Cardiologista · CRM-SC 24.443

O infarto do miocárdio é uma das maiores emergências cardiovasculares — e, ao mesmo tempo, uma das condições mais preveníveis. Conhecer seus sintomas e fatores de risco pode salvar vidas.

O que é um infarto?

O infarto ocorre quando uma artéria coronária — responsável por levar sangue ao músculo cardíaco — é bloqueada, geralmente pela ruptura de uma placa de gordura acumulada na parede do vaso. Com o fluxo interrompido, parte do músculo cardíaco começa a morrer por falta de oxigênio.

Quanto mais rápido o atendimento, menor o dano. Por isso o reconhecimento dos sintomas é fundamental.

Sintomas típicos

O desconforto torácico em repouso é o sintoma mais comum, presente em aproximadamente 75 a 80% dos casos.

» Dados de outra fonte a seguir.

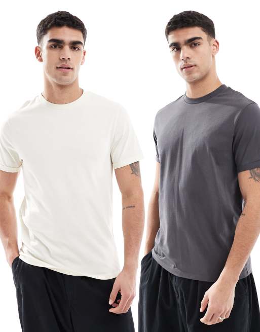 ASOS DESIGN - Confezione da 2 t-shirt basic girocollo con maniche risvoltate antracite e crema
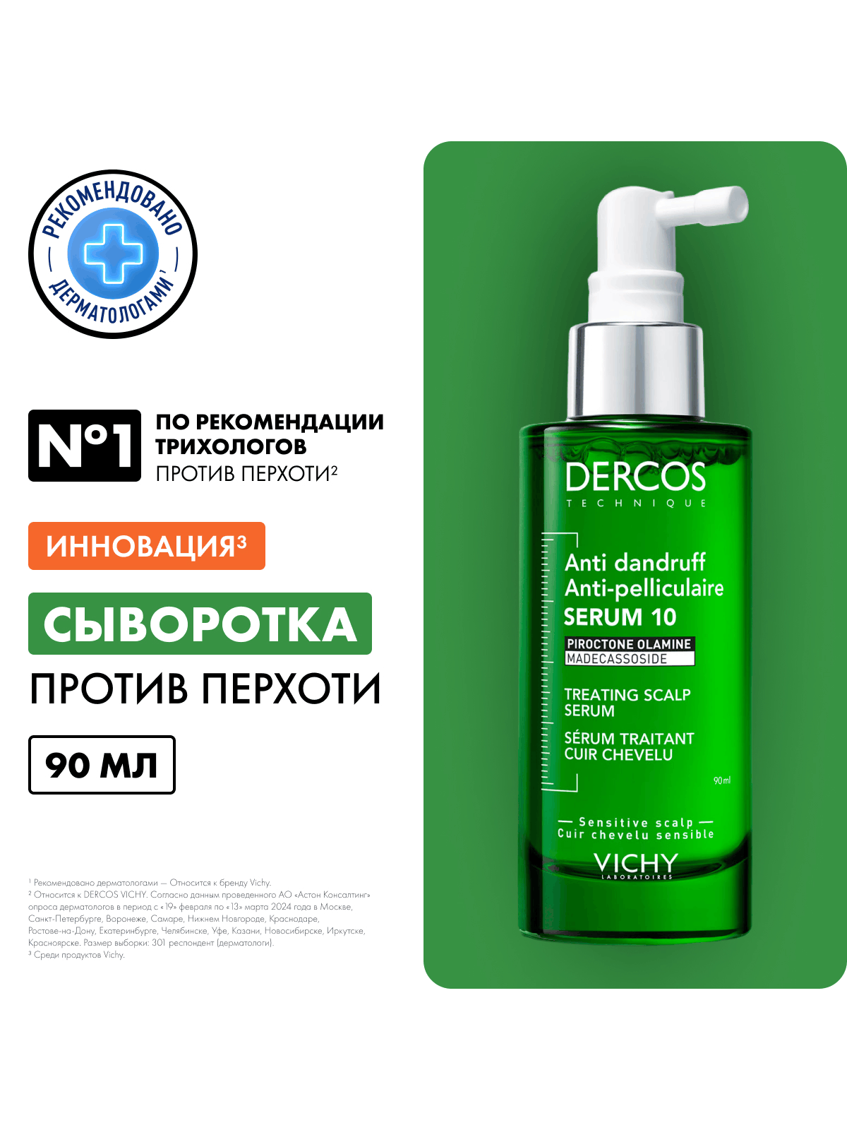 Интенсивная сыворотка VICHY DERCOS ANTI-DANDRUFF SERUM действует на 10 проблем кожи головы, которые могут быть связаны с перхотью.
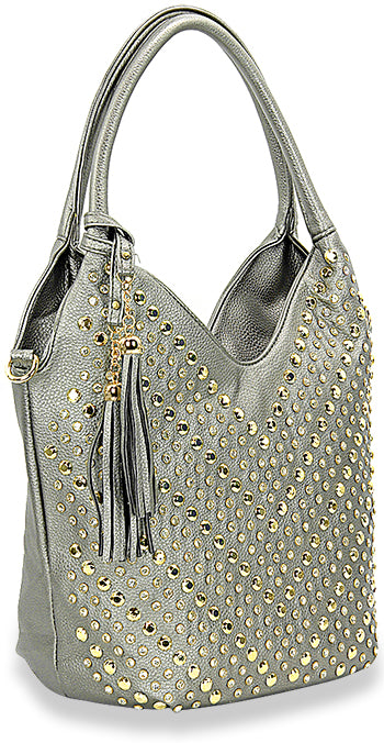 The rhinestone and studded detailing are on point! A trendy chevron pattern is stunning on this tall shoulder bag.
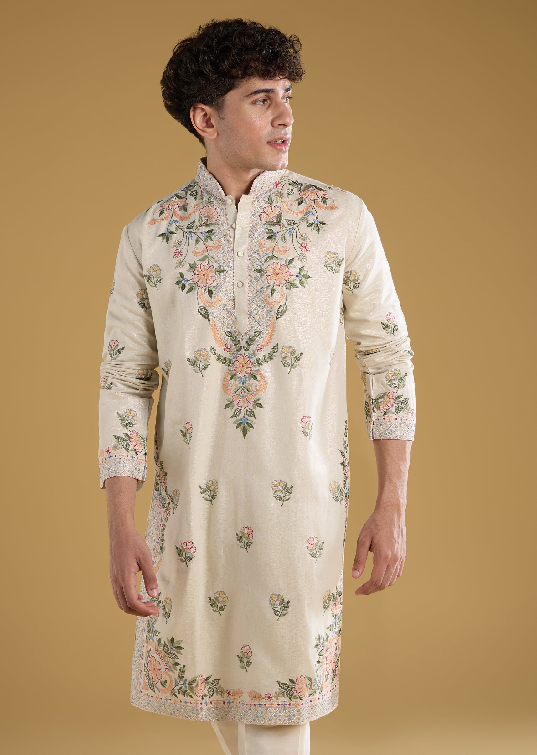 Ivory Mens Kurta Set With Resham Detail
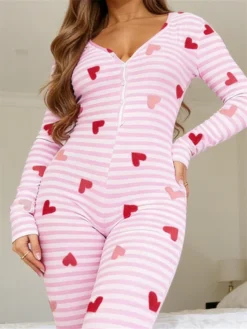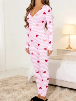 Womens Heart Printed Lounge Jumpsuits Button Up V Neck Long Sleeve Bodycon Romper Overalls for Daily Life Valentine’s Day
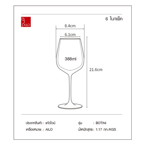 AILO แก้วไวน์ ขนาด 388ml. (6ใบ/แพ็ค) รุ่น BOTINI
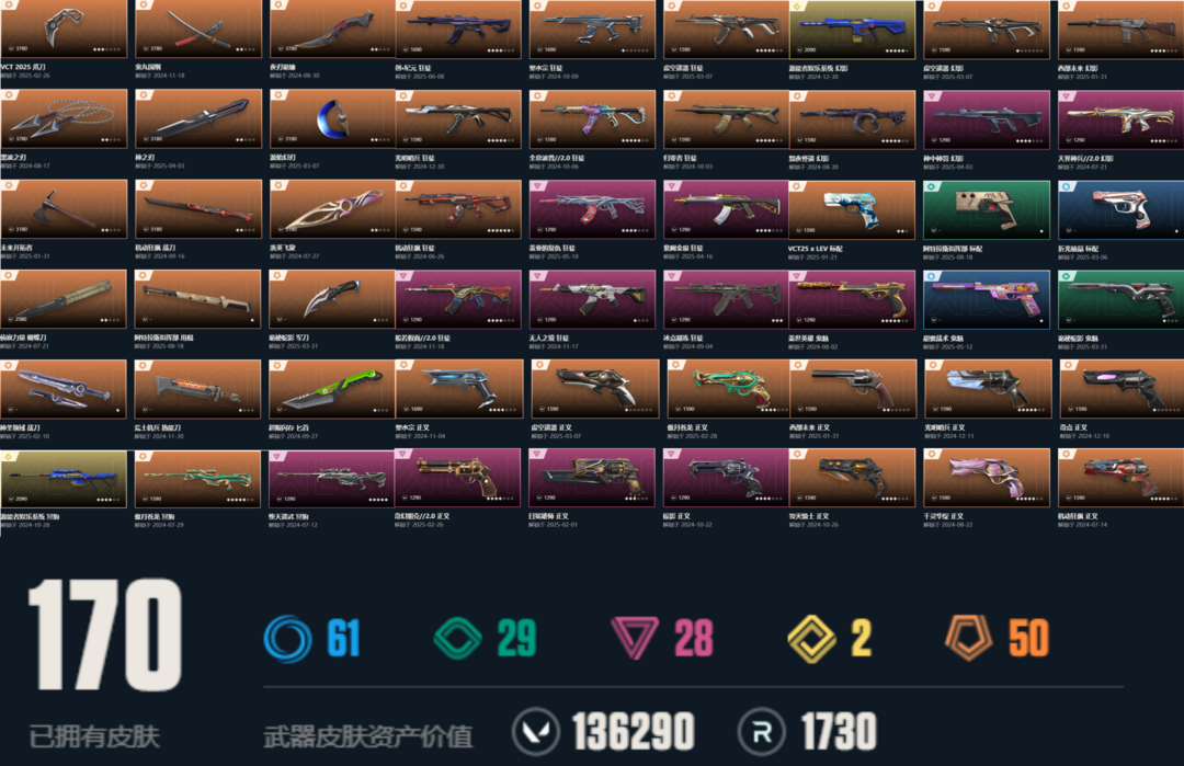 武器皮肤数量:170
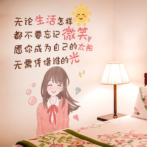 微笑励志墙贴纸女孩公主房间卧室床头墙壁纸装饰宿舍贴...
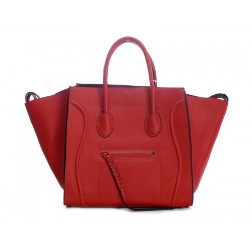 Celine Luggage Phantom Square Tote Bag Cherry met zwarte afwerking
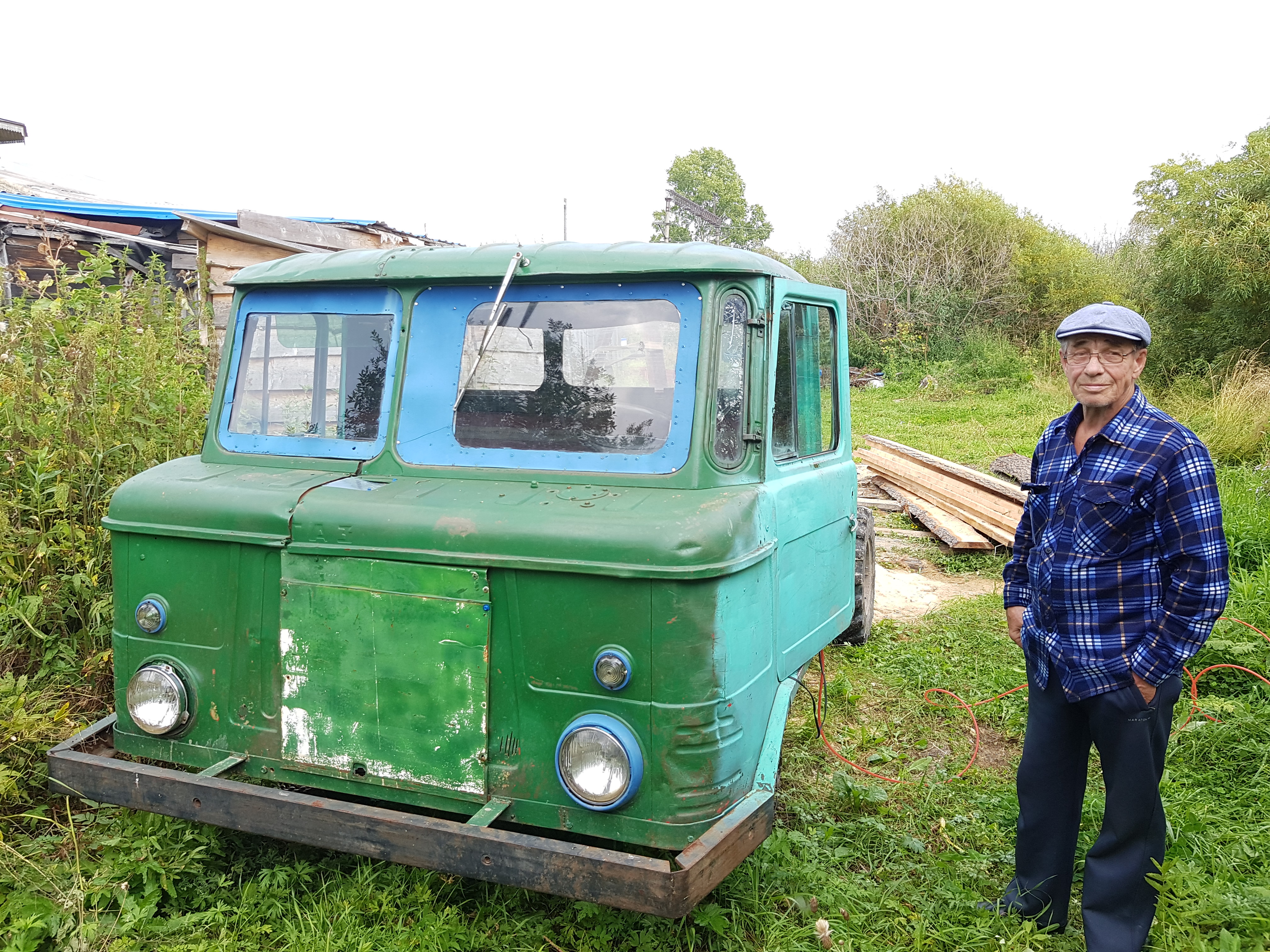 В свои 73 года Григорий Колчанов содержит небольшой огород. Говорит, сегодня это чуть ли не единственная возможность выжить в "безработном" посёлке. В целях экономии пенсионер сам мастерит всякую технику. В "коллекции" – машина для заготовки дров, молотильня для кедрового ореха и даже лесовоз.
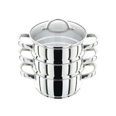 ManoManoGeneral description Judge 16cm 3 Piece Steamer is crafted from high-quality 18/10 stainless steel, making it durable and oven safe. This versatile steamer is suitable for all hob types, including induction, and features a dual-purpose base pan that can also be used as a stockpot. It comes with a glass lid for easy monitoring while cooking. Technical specifications Weight: 1,500g Height: 24.0cm Width: 16.0cm Length: 25.0cm Other information 25 Year Guarantee Dishwasher Safe

  • Dor, pressão ou aperto no centro do peito
  • Irradiação para braço esquerdo, mandíbula, costas ou pescoço
  • Sudorese fria
  • Náuseas e vômitos
  • Falta de ar intensa

Sintomas atípicos

Cerca de 40 a 48% dos pacientes — especialmente mulheres, idosos e diabéticos — apresentam sintomas diferentes dos clássicos:

  • Fadiga intensa e inexplicável
  • Dor epigástrica (na "boca do estômago")
  • Tontura ou desmaio
  • Falta de ar sem dor torácica

O infarto silencioso

Existe ainda o infarto silencioso — quando a necrose do músculo cardíaco ocorre sem sintomas reconhecíveis. É mais comum em diabéticos, idosos e mulheres. O diagnóstico é feito retrospectivamente por alterações no ECG ou em exames de imagem.

Quais são os fatores de risco?

  • Hipertensão arterial não controlada
  • Colesterol e triglicerídeos elevados
  • Diabetes mellitus
  • Tabagismo
  • Obesidade e sedentarismo
  • Histórico familiar de infarto precoce (antes dos 60 anos em parente de primeiro grau)
  • Apneia do sono não tratada

Como prevenir?

A prevenção do infarto passa pelo controle dos fatores de risco:

  • Tratar a hipertensão e mantê-la controlada
  • Atingir as metas de colesterol com dieta e, quando necessário, medicação
  • Controlar o diabetes rigorosamente
  • Parar de fumar
  • Praticar atividade física regular
  • Manter peso adequado

Quem já teve um infarto

Quem já teve um infarto tem risco significativamente aumentado de um novo evento. Nesses casos, o tratamento preventivo com medicamentos — antiagregantes, estatinas, betabloqueadores — é parte obrigatória do acompanhamento e não pode ser interrompido sem orientação médica.

Quando procurar um cardiologista?

Se você tem um ou mais fatores de risco listados acima, uma avaliação cardiológica preventiva é recomendada — mesmo sem sintomas. Não espere o primeiro evento.